**WHAT THE TASK REQUIRES:** Write out every record below exactly as it stands, leaving the pictures out.

**DATA SUPPLIED:**
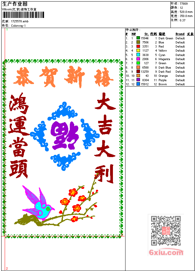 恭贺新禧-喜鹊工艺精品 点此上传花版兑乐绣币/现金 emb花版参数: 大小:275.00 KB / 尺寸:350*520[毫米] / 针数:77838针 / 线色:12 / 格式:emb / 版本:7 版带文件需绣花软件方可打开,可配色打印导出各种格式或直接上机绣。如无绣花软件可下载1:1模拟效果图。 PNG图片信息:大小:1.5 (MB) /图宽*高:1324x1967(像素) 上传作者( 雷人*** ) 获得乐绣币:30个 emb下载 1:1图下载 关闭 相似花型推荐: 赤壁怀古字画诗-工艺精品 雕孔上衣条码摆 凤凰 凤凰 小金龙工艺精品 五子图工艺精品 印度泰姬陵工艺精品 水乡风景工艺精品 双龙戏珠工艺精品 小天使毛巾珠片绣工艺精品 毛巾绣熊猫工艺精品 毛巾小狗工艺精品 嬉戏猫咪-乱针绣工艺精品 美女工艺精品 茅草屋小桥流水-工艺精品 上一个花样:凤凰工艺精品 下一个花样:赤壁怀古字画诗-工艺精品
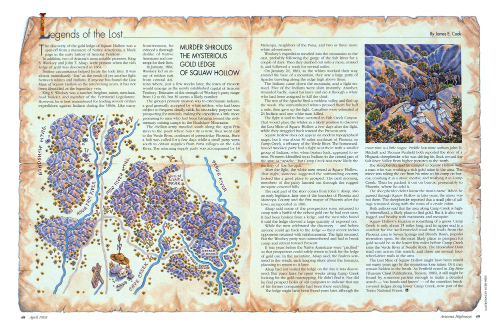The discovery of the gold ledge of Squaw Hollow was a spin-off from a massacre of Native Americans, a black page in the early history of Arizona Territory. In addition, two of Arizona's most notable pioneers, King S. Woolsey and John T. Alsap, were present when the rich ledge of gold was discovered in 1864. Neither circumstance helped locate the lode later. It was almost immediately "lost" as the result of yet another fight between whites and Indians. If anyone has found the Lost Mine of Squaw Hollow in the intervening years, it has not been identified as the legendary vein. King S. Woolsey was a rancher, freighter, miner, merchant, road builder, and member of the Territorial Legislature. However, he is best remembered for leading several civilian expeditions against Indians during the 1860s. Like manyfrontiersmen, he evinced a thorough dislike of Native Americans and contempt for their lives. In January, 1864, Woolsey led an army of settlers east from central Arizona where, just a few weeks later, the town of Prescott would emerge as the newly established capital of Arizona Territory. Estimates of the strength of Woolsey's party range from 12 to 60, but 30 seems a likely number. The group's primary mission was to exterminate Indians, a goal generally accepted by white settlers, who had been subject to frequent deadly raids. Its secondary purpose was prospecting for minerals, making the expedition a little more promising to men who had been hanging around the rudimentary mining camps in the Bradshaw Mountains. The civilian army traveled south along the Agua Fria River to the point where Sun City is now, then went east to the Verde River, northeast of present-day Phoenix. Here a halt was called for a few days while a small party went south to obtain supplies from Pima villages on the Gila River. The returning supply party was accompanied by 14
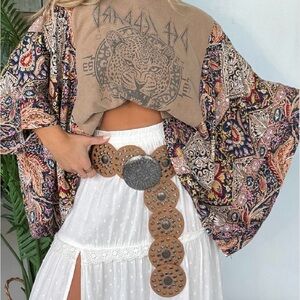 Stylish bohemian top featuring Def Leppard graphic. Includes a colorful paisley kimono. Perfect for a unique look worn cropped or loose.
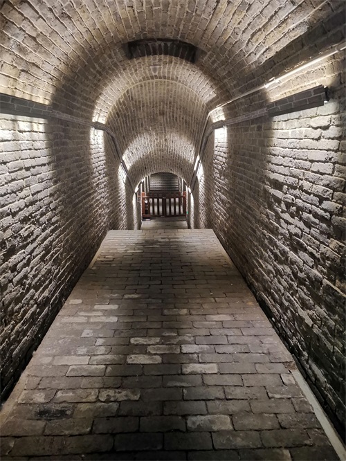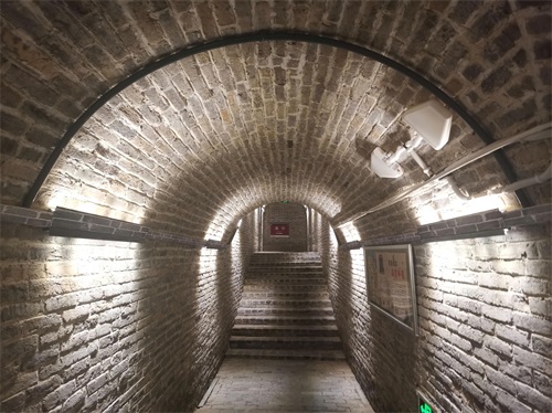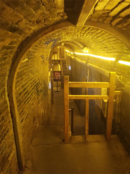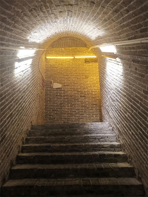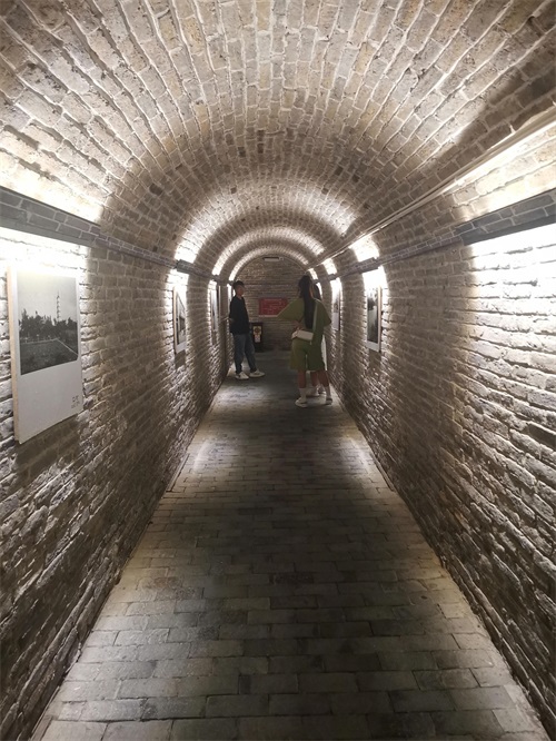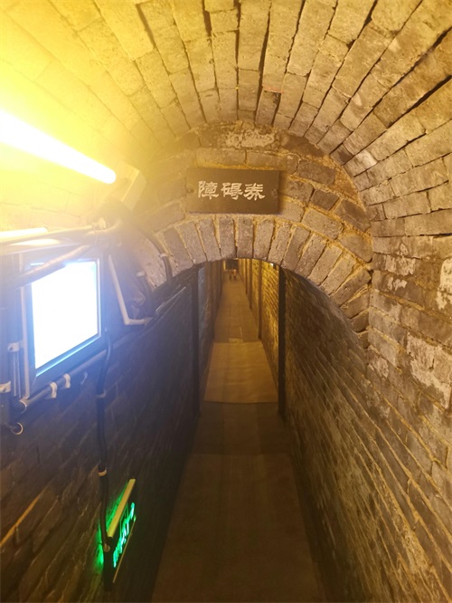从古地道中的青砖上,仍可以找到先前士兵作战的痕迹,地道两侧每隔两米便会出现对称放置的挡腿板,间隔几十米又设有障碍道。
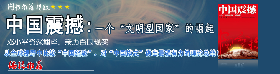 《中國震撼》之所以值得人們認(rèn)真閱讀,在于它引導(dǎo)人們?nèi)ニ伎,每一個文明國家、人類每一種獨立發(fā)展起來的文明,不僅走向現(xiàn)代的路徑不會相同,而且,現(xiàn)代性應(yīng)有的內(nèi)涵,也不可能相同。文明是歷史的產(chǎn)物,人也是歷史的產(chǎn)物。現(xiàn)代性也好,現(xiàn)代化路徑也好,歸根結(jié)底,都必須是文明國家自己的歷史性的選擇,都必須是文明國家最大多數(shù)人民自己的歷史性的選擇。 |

**RESPONSE TO THIS EXERCISE:**
 恭贺新禧-喜鹊工艺精品 点此上传花版兑乐绣币/现金 emb花版参数: 大小:275.00 KB / 尺寸:350*520[毫米] / 针数:77838针 / 线色:12 / 格式:emb / 版本:7 版带文件需绣花软件方可打开,可配色打印导出各种格式或直接上机绣。如无绣花软件可下载1:1模拟效果图。 PNG图片信息:大小:1.5 (MB) /图宽*高:1324x1967(像素) 上传作者( 雷人*** ) 获得乐绣币:30个 emb下载 1:1图下载 关闭 相似花型推荐: 赤壁怀古字画诗-工艺精品 雕孔上衣条码摆 凤凰 凤凰 小金龙工艺精品 五子图工艺精品 印度泰姬陵工艺精品 水乡风景工艺精品 双龙戏珠工艺精品 小天使毛巾珠片绣工艺精品 毛巾绣熊猫工艺精品 毛巾小狗工艺精品 嬉戏猫咪-乱针绣工艺精品 美女工艺精品 茅草屋小桥流水-工艺精品 上一个花样:凤凰工艺精品 下一个花样:赤壁怀古字画诗-工艺精品
The discovery of the gold ledge of Squaw Hollow was a spin-off from a massacre of Native Americans, a black page in the early history of Arizona Territory. In addition, two of Arizona's most notable pioneers, King S. Woolsey and John T. Alsap, were present when the rich ledge of gold was discovered in 1864. Neither circumstance helped locate the lode later. It was almost immediately "lost" as the result of yet another fight between whites and Indians. If anyone has found the Lost Mine of Squaw Hollow in the intervening years, it has not been identified as the legendary vein. King S. Woolsey was a rancher, freighter, miner, merchant, road builder, and member of the Territorial Legislature. However, he is best remembered for leading several civilian expeditions against Indians during the 1860s. Like manyfrontiersmen, he evinced a thorough dislike of Native Americans and contempt for their lives. In January, 1864, Woolsey led an army of settlers east from central Arizona where, just a few weeks later, the town of Prescott would emerge as the newly established capital of Arizona Territory. Estimates of the strength of Woolsey's party range from 12 to 60, but 30 seems a likely number. The group's primary mission was to exterminate Indians, a goal generally accepted by white settlers, who had been subject to frequent deadly raids. Its secondary purpose was prospecting for minerals, making the expedition a little more promising to men who had been hanging around the rudimentary mining camps in the Bradshaw Mountains. The civilian army traveled south along the Agua Fria River to the point where Sun City is now, then went east to the Verde River, northeast of present-day Phoenix. Here a halt was called for a few days while a small party went south to obtain supplies from Pima villages on the Gila River. The returning supply party was accompanied by 14
 Stylish bohemian top featuring Def Leppard graphic. Includes a colorful paisley kimono. Perfect for a unique look worn cropped or loose.
从古地道中的青砖上,仍可以找到先前士兵作战的痕迹,地道两侧每隔两米便会出现对称放置的挡腿板,间隔几十米又设有障碍道。
 《中國震撼》之所以值得人們認(rèn)真閱讀,在于它引導(dǎo)人們?nèi)ニ伎,每一個文明國家、人類每一種獨立發(fā)展起來的文明,不僅走向現(xiàn)代的路徑不會相同,而且,現(xiàn)代性應(yīng)有的內(nèi)涵,也不可能相同。文明是歷史的產(chǎn)物,人也是歷史的產(chǎn)物。現(xiàn)代性也好,現(xiàn)代化路徑也好,歸根結(jié)底,都必須是文明國家自己的歷史性的選擇,都必須是文明國家最大多數(shù)人民自己的歷史性的選擇。 |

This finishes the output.